In [25]:
!pip install yfinance --upgrade
import numpy as np
import matplotlib.pyplot as plt
import scipy.stats as stats
import pandas as pd
import seaborn as sns
from scipy.optimize import minimize
import datetime as dt
sns.set_style('darkgrid')
import yfinance as yf

sp500_tickers = [
"WMT", "AMZN", "AAPL", "CVS", "TSLA", "GOOGL", "META", "JPM", "COST", "KR",
"WBA", "TGT", "UPS", "CNC", "CI", "MSFT", "VZ", "IBM", "UNH", "XOM",
"MCK", "CVX", "CAH", "HD", "WBA", "MPC", "COR", "F", "C", "DELL",
"GM", "NVDA", "PFE", "PG", "CMCSA", "JNJ", "WFC", "BAC", "ABBV", "SBUX",
"CSCO", "T", "PEP", "INTC", "DIS", "BA", "GS", "MS", "HON", "CRM"
]

# Get the data for tickers from yahoo finance

stock_data = yf.download(sp500_tickers,'2023-1-1','2025-10-1', auto_adjust=True)['Close']
SP500 = yf.download('^GSPC','2023-1-1','2025-10-1', auto_adjust=True)['Close']

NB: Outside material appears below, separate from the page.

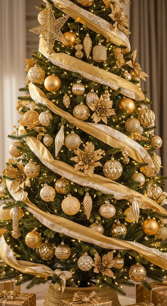 Skip dozens of pricey ornaments and use ribbon as your main decor. Drape wide satin or wired ribbon down your tree in soft waves. It fills space beautifully and adds an elegant designer touch. Choose metallics or neutrals for a cohesive, high-end look that feels intentional and refined.

[*********************100%***********************]  49 of 49 completed
[*********************100%***********************]  1 of 1 completed


In [26]:
#Version with NaN values for weekends/holidays.
# Create a date range including weekends
all_days = pd.date_range(start=stock_data.index.min(), end=stock_data.index.max(), freq='D')

# Reindex the DataFrame with this date range
reindexed_stock_data = stock_data.reindex(all_days)
reindexed_SP500 = SP500.reindex(all_days)

#Function to test if a date is a trading day
def is_trading_day(date):
    return date in stock_data.index

is_trading_day('2025-1-1')

def next_trading_day(day):
    date = dt.datetime.strptime(day, '%Y-%m-%d')
    next_day = date + dt.timedelta(1)
    max_lookahead = 365  # prevent infinite loop going 1 year ahead
    count = 0
    while not is_trading_day(next_day):
        next_day += dt.timedelta(1)
        count += 1
        if count > max_lookahead:
            raise ValueError("No trading day found within 1 year from start date")
    return next_day.strftime('%Y-%m-%d')

next_trading_day('2025-1-1')


'2025-01-02'

In [27]:
import pandas as pd

dfs = {k: v for k, v in globals().items() if isinstance(v, pd.DataFrame)}
for name, df in dfs.items():
    print(f"{name:25s} -> shape={df.shape} | cols={list(df.columns)[:6]}")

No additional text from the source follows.